EXERCISE INPUTS ::
↓↓↓

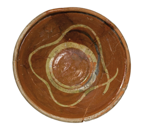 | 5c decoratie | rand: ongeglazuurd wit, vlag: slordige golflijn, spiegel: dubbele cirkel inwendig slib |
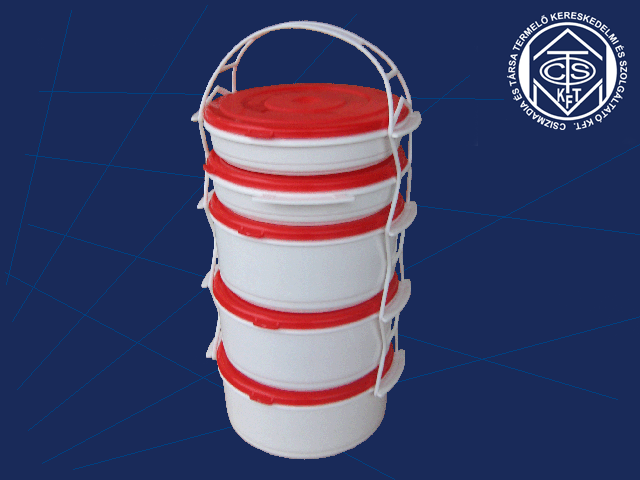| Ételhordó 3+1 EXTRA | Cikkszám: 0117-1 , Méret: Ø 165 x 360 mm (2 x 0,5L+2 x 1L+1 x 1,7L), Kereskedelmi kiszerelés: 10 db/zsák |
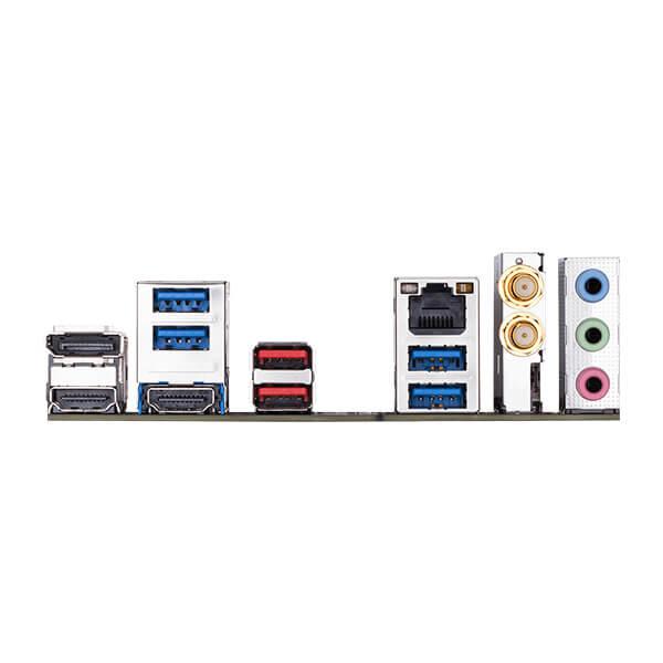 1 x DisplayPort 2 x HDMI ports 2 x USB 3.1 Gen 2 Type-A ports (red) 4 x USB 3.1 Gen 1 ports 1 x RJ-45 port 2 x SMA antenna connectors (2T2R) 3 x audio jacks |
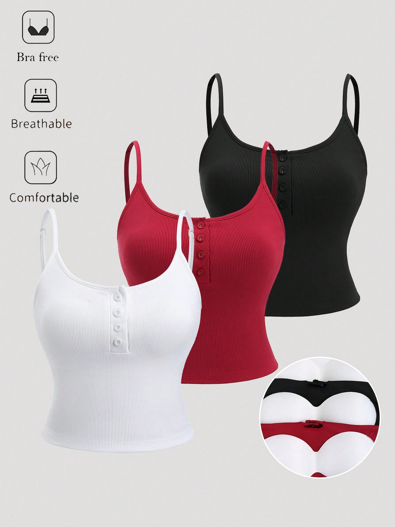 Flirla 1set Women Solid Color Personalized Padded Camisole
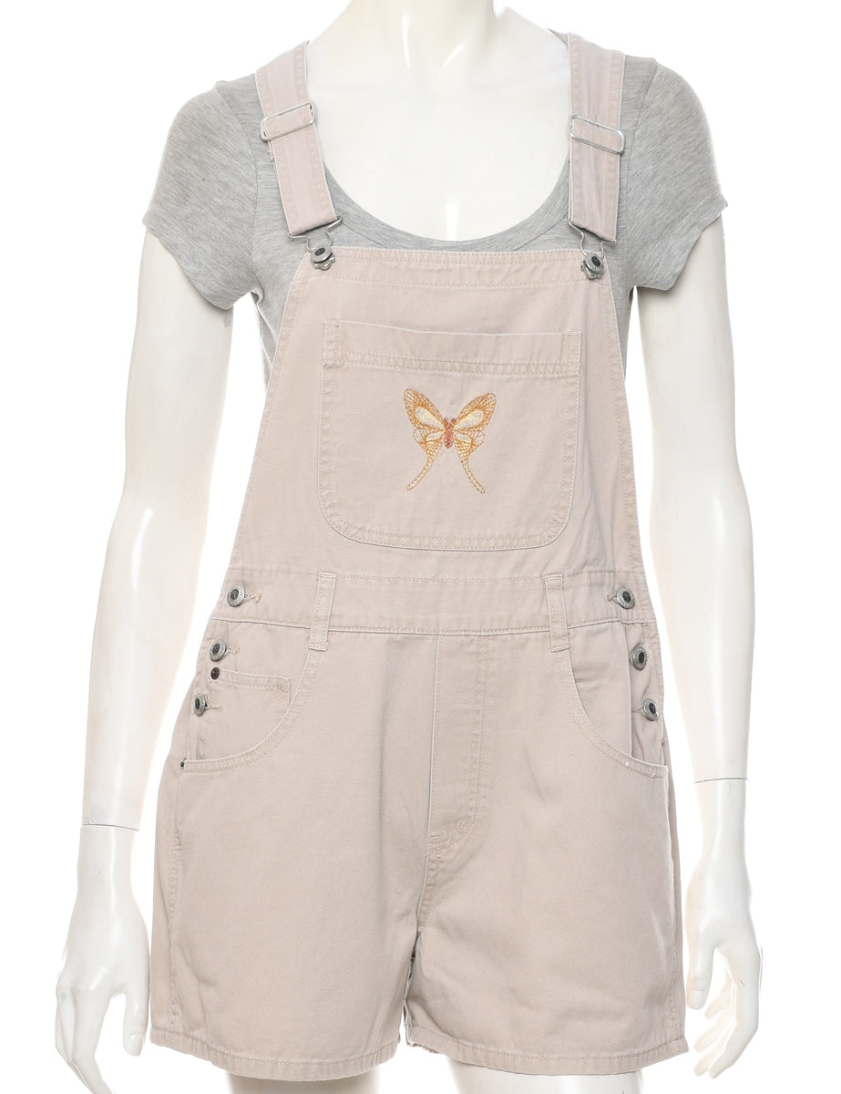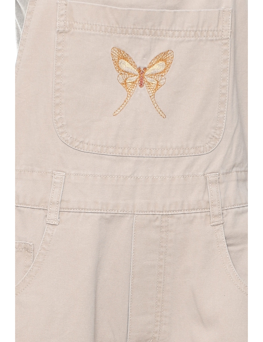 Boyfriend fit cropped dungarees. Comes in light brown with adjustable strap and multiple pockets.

↑↑↑

AIM OF THE TASK ::
Extract all the data above exactly, excluding every picture.

SOLUTION BELOW ::
 | 5c decoratie | rand: ongeglazuurd wit, vlag: slordige golflijn, spiegel: dubbele cirkel inwendig slib |
| Ételhordó 3+1 EXTRA | Cikkszám: 0117-1 , Méret: Ø 165 x 360 mm (2 x 0,5L+2 x 1L+1 x 1,7L), Kereskedelmi kiszerelés: 10 db/zsák |
 1 x DisplayPort 2 x HDMI ports 2 x USB 3.1 Gen 2 Type-A ports (red) 4 x USB 3.1 Gen 1 ports 1 x RJ-45 port 2 x SMA antenna connectors (2T2R) 3 x audio jacks |
 Flirla 1set Women Solid Color Personalized Padded Camisole
 Boyfriend fit cropped dungarees. Comes in light brown with adjustable strap and multiple pockets.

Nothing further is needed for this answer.